Investigations into the scandal are ongoing, with FirstEnergy having to pay a $230 million federal fine and sign what is called a deferred prosecution agreement with the Department of Justice.

Strah's resignation followed a management team review required in a settlement to a major shareholder lawsuit tied to the scandal. A federal regulatory filing noted that Strah will not receive severance pay or benefits. That's because Strah voluntarily retired and he instead is eligible for certain retirement benefits, a FirstEnergy spokeswoman said.

Stock market reacts to FirstEnergy change

FirstEnergy shares on Friday rose even as major stock market indices were down, in some cases sharply. FirstEnergy shares were up 67 cents, or 1.7%, to $41.08 as of 2:45 p.m.
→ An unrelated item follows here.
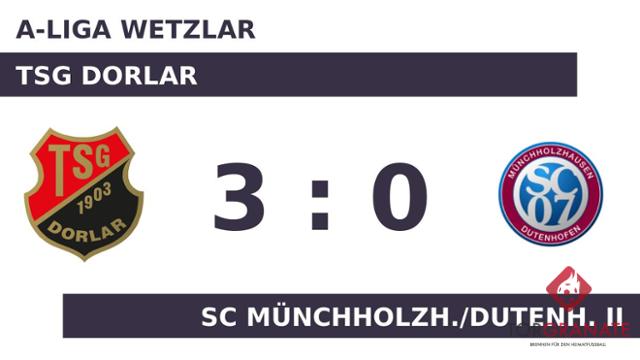 Laurin De Bona brachte der Heimmannschaft nach 21 Minuten die 1:0-Führung. Zur Pause hatte die TSG Dorlar eine hauchdünne Führung inne. Für das 2:0 und 3:0 war Marco Fabrizio verantwortlich. Der Akteur traf gleich zweimal ins Schwarze (55./68.). Am Schluss schlug die TSG Dorlar den SC Münchholzh./Dutenh. II mit 3:0.

Over the past 52 weeks shares have ranged from a low of $35.32 to a high of $48.85.

Industry analysts took part in a conference call with FirstEnergy executives on Thursday over the abrupt departure of Strah and to discuss what that might mean for the utility.

"Somerhalder indicated that Strah's resignation was voluntary, with the board accepting his resignation," Morningstar utility analyst Andrew Bischof said in a note to clients. "Strah had been CEO for less than two years and has not been accused of any wrongdoing."

FirstEnergy's board of directors supported Strah's decision to retire, FirstEnergy spokeswoman Jennifer Young said Friday.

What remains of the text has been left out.